Recipe: Peanut Butter Chocolate Swirl Protein Bread
Summary: I’ve been totally hooked on Jamie Eason’s Cinnamon Swirl Protein Bread since Liz gave me the recipe a few weeks ago. The kids love it too, and I’ve been making a pan every few days. I’ve modified it a bit because I don’t use alternative or artificial sweeteners; I make it without sweetening the batter and with 3 tablespoons each cinnamon and brown sugar for the ‘swirl’ topping. I’ve switched up the flavours with this variation, combining two favourites, chocolate and peanut butter for a can’t-miss combination.
If you don’t have oat flour on hand, it’s very easy to make. Simply process oats in a blender until finely ground.
Ingredients
- 1 1/2 cups oat flour
- 2 scoops vanilla whey protein power
- 1 tbsp baking powder
- 1/2 tsp salt
- 2 egg whites
- 1 cup unsweetened almond milk
- 1/3 cup apple sauce
- 1/3 cup peanut butter
- 1/3 cup brown sugar or Xylitol
- 3 tbsp unsweetened cocoa powder
Instructions
- Preheat oven to 350. Spray an 8 X 8 inch Pyrex dish with non-stick spray.
- In small bowl combine cocoa powder and sugar/xylitol and set aside.
- In a large bowl combine oat flour, protein powder, baking powder and salt.
- In a medium bowl combine egg whites, almond milk, apple sauce and peanut butter. Stir or whisk until smooth.
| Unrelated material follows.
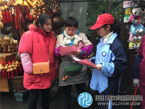 四川教育新闻网成都12月22日讯(贾元东 通讯员 雷黎明) 2015年12月21日,西北中学志愿者服务小队在锦里开展了环保宣传活动,拥抱绿色生活。志愿者服务小队的11名同学在教育处老师带领下,进行了环保知识宣传单的发放以及关于环保意识的问卷调查,得到了不少游客积极的反响。

Add wet ingredients to dry ingredients.
- Pour a very shallow layer of batter into the loaf pan (about 1/4 of the batter).
- Sprinkle heavily with about two thirds of the cocoa and sugar mixture. Top with remaining batter, then remaining cocoa and sugar.
- Draw a knife through the batter to marble. Bake for 24 to 28 min. Let cool for 10 min.
Preparation time: 10 minute(s)
Cooking time: 25 minute(s)

This sounds heavenly. The gluten-free oats are going in the food processor momentarily. Thanks for this!